En utilisation vidéo, le fichier n’est plus que de 2 Mpxl au lieu de 16 Mpxl, et le fait d’utiliser une vitesse lente pour permettre la fluidité maximale de l’image entraîne que si l’on examine les vues une par une on aura une impression de flou…alors que l’on voit un piqué très élevé en visionnant les plans obtenus par la combinaison Optimo 15-40/Nikon D7000. Il est hélas impossible de montrer cette qualité par internet…faute de débit suffisant pour le Full HD, et peu d’ordinateurs standard arrivent par ailleurs à visionner les fichiers d’origine sans assez vite faire des sautes d’images voire des blocages logiciels : la vidéo haute définition nécessite vraiment du matériel informatique très puissant.





Copies d’écran montrant le rendu général en vidéo. Notez les projecteurs dans le champ de l’image…

- Voir un extrait vidéo de la pièce de théatre "Hitch" réalisée par Claire Riou au Théâtre du Lucernaire, à Paris.
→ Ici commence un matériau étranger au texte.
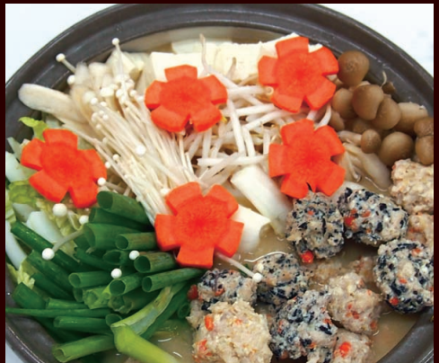
海陽チョウ!元気鍋

Pour un tournage réel, il faut oublier ses réflexes de réglage photographiques : à ouverture équivalente un spectacle ne se filme pas à 1/500ème pour 3 200 Iso… mais au 1/50e pour 320 Iso ! Utiliser les vitesses rapides engendre des scintillements dans l’image et des mouvements saccadés pour les personnages, et la réduction du bruit est inactive en mode vidéo. Pour accéder à ces réglages il faut aller dans le menu prises de vues, paramètres vidéo, et régler « Réglage manuel des vidéos » sur ON. Ensuite on passera en mode M sur la molette de l’appareil pour choisir la vitesse. Ce système est bien sûr handicapant en plein jour à 100 Iso si on veut ouvrir le diaphragme pour obtenir des effets de flou, on utilisera alors des filtres gris neutres ND pour réduire la luminosité.
La mise au point est délicate en cours de reportage quand on ne connaît pas le sujet à l’avance, car on ne peut pas passer en mode loupe du LiveView pendant la prise de vues, d’où l’utilisation de loupes externes pour essayer d’ajuster au mieux. En fait, quand les scènes sont répétées on ajuste la mise au point en fonction de la distance réelle des personnages et de la profondeur de champ souhaitée.


Loupe accessoire pour la mise au point en cours de tournage.